Dataset excerpts:
--- --- ---
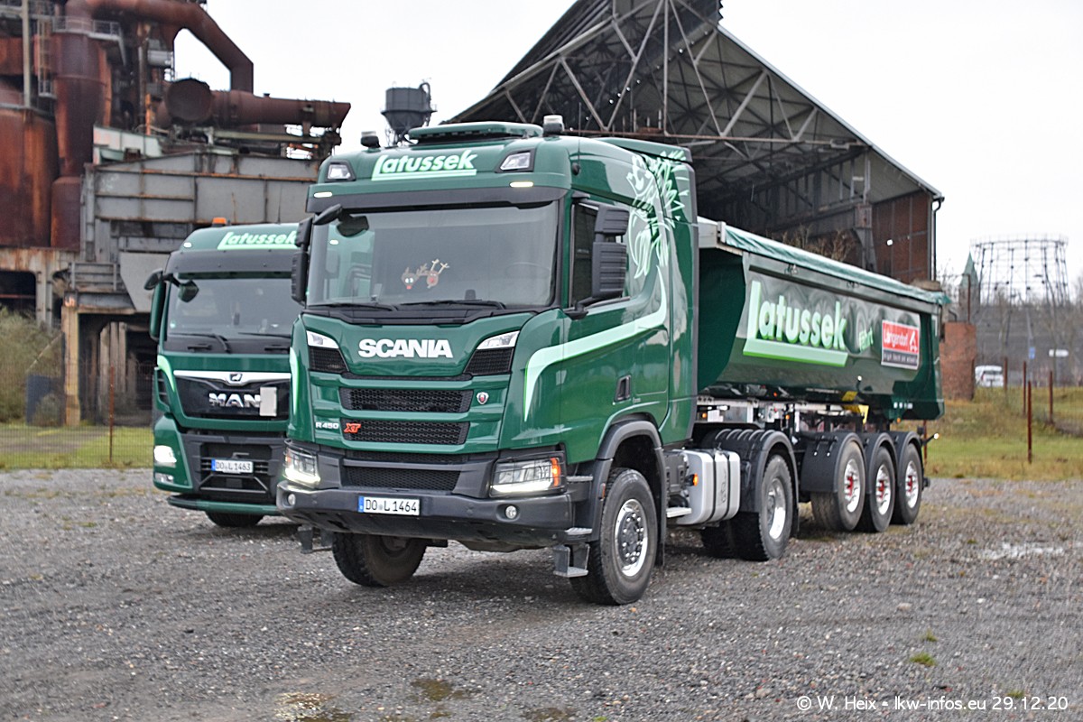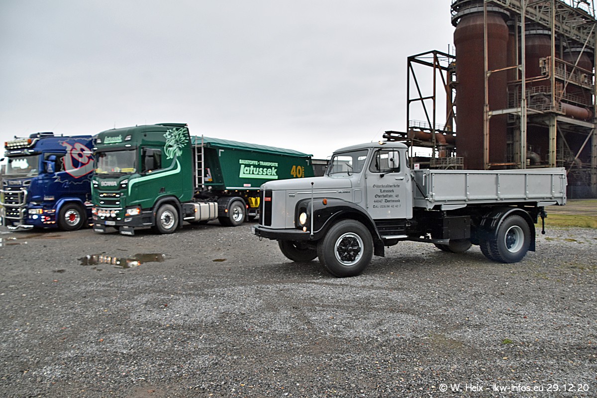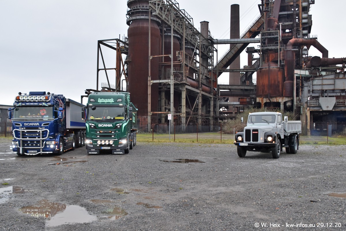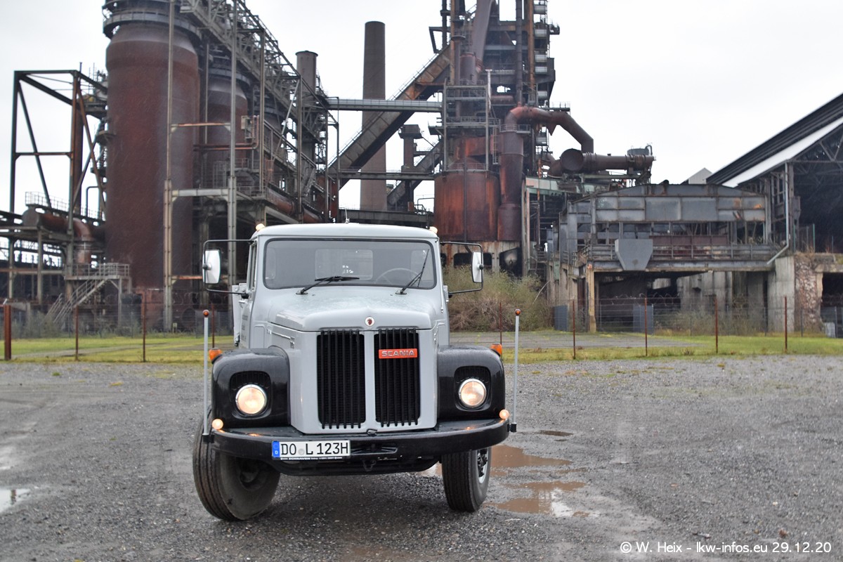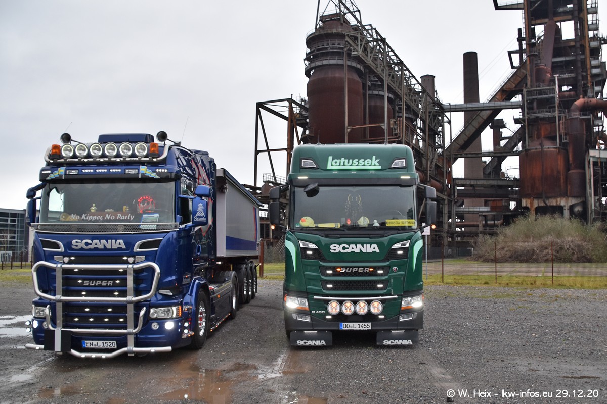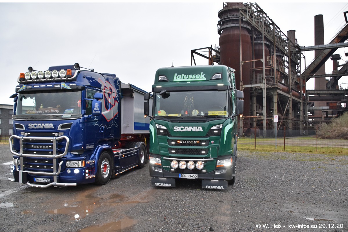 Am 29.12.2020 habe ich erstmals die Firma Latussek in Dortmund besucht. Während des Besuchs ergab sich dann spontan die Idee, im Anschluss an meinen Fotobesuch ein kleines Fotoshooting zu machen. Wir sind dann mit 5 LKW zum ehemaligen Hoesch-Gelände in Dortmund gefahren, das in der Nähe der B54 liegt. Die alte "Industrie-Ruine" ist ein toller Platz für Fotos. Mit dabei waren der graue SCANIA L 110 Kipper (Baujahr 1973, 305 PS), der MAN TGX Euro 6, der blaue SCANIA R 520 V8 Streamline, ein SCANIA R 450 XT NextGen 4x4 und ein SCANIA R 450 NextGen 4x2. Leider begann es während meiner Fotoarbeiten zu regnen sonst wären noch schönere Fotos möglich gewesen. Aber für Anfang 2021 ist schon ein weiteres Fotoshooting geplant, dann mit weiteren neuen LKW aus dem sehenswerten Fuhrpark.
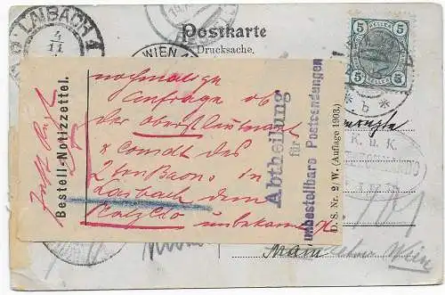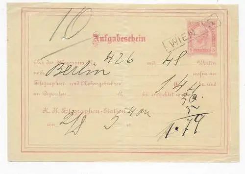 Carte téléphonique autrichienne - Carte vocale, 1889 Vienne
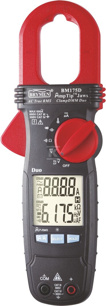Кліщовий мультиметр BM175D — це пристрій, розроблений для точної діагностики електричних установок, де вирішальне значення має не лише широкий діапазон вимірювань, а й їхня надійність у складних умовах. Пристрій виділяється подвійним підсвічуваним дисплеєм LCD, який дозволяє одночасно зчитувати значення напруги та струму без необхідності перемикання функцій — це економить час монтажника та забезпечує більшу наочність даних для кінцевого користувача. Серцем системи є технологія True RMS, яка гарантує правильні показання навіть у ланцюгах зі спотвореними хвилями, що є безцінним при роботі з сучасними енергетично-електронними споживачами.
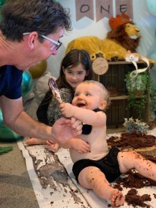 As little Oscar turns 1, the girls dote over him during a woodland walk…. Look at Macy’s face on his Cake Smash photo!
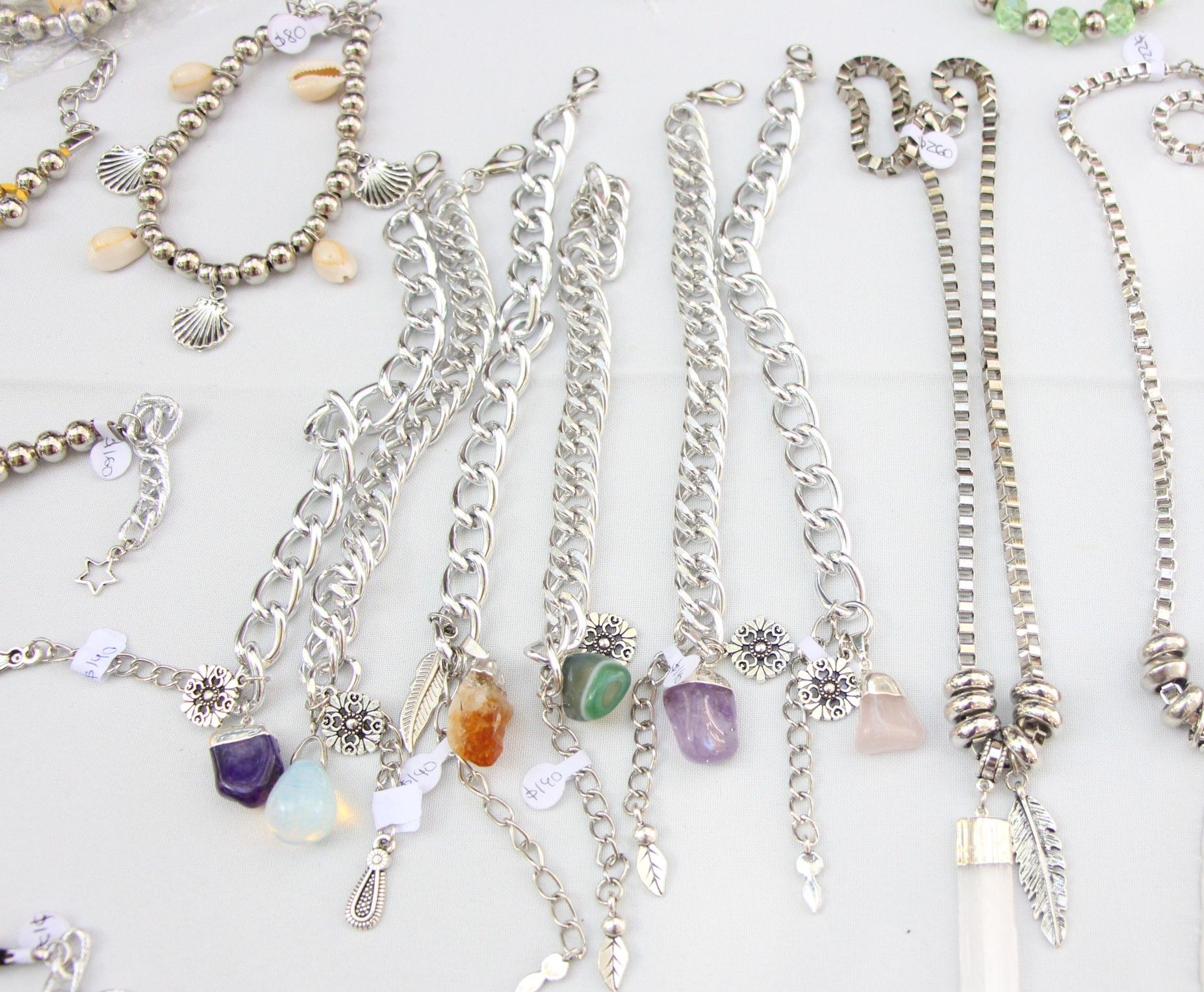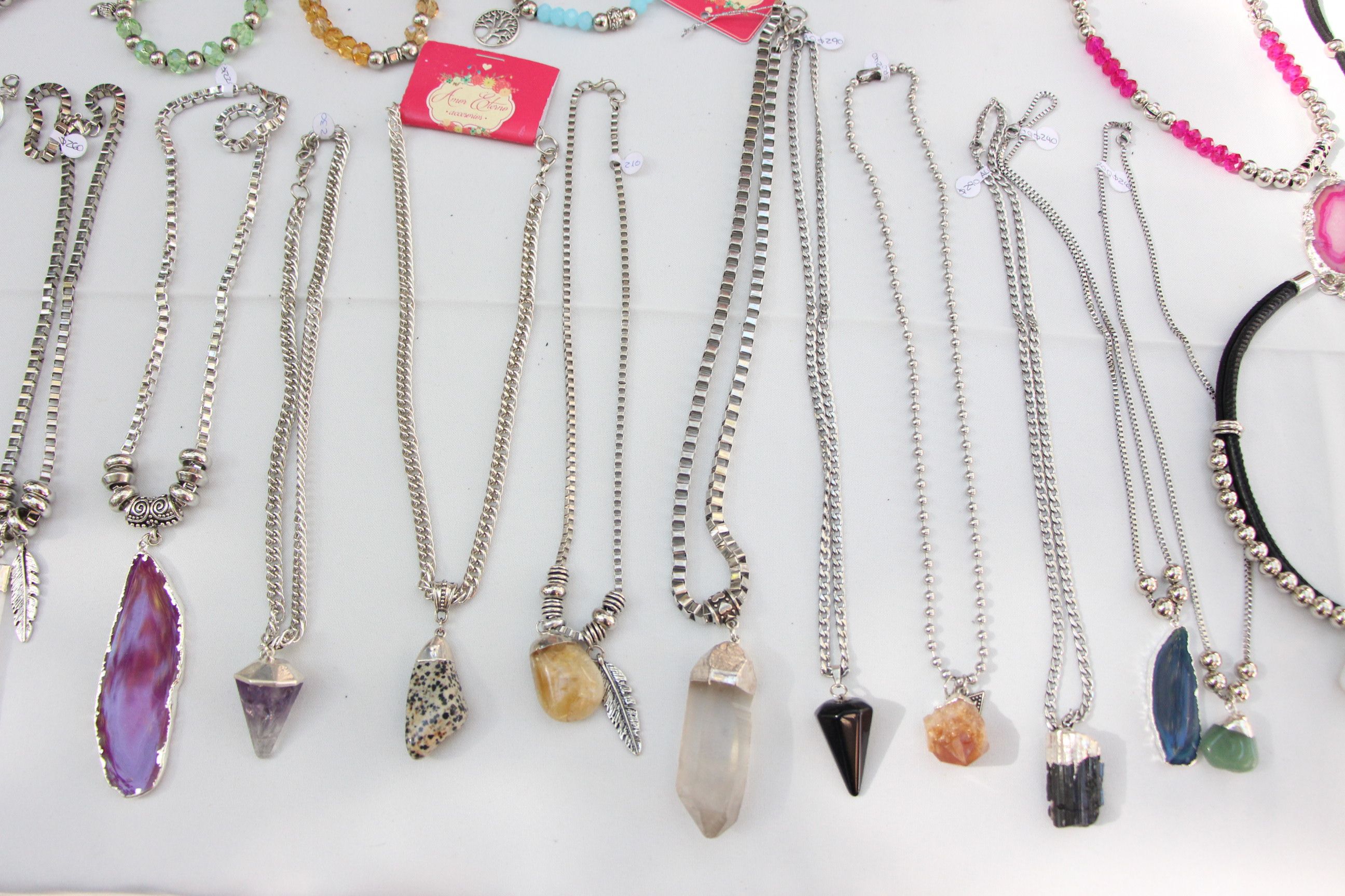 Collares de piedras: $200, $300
--- --- ---
Task details: Output each record exactly as it appears, but not the pictures.

Response:
 Am 29.12.2020 habe ich erstmals die Firma Latussek in Dortmund besucht. Während des Besuchs ergab sich dann spontan die Idee, im Anschluss an meinen Fotobesuch ein kleines Fotoshooting zu machen. Wir sind dann mit 5 LKW zum ehemaligen Hoesch-Gelände in Dortmund gefahren, das in der Nähe der B54 liegt. Die alte "Industrie-Ruine" ist ein toller Platz für Fotos. Mit dabei waren der graue SCANIA L 110 Kipper (Baujahr 1973, 305 PS), der MAN TGX Euro 6, der blaue SCANIA R 520 V8 Streamline, ein SCANIA R 450 XT NextGen 4x4 und ein SCANIA R 450 NextGen 4x2. Leider begann es während meiner Fotoarbeiten zu regnen sonst wären noch schönere Fotos möglich gewesen. Aber für Anfang 2021 ist schon ein weiteres Fotoshooting geplant, dann mit weiteren neuen LKW aus dem sehenswerten Fuhrpark.
 Carte téléphonique autrichienne - Carte vocale, 1889 Vienne
Кліщовий мультиметр BM175D — це пристрій, розроблений для точної діагностики електричних установок, де вирішальне значення має не лише широкий діапазон вимірювань, а й їхня надійність у складних умовах. Пристрій виділяється подвійним підсвічуваним дисплеєм LCD, який дозволяє одночасно зчитувати значення напруги та струму без необхідності перемикання функцій — це економить час монтажника та забезпечує більшу наочність даних для кінцевого користувача. Серцем системи є технологія True RMS, яка гарантує правильні показання навіть у ланцюгах зі спотвореними хвилями, що є безцінним при роботі з сучасними енергетично-електронними споживачами.
 As little Oscar turns 1, the girls dote over him during a woodland walk…. Look at Macy’s face on his Cake Smash photo!
 Collares de piedras: $200, $300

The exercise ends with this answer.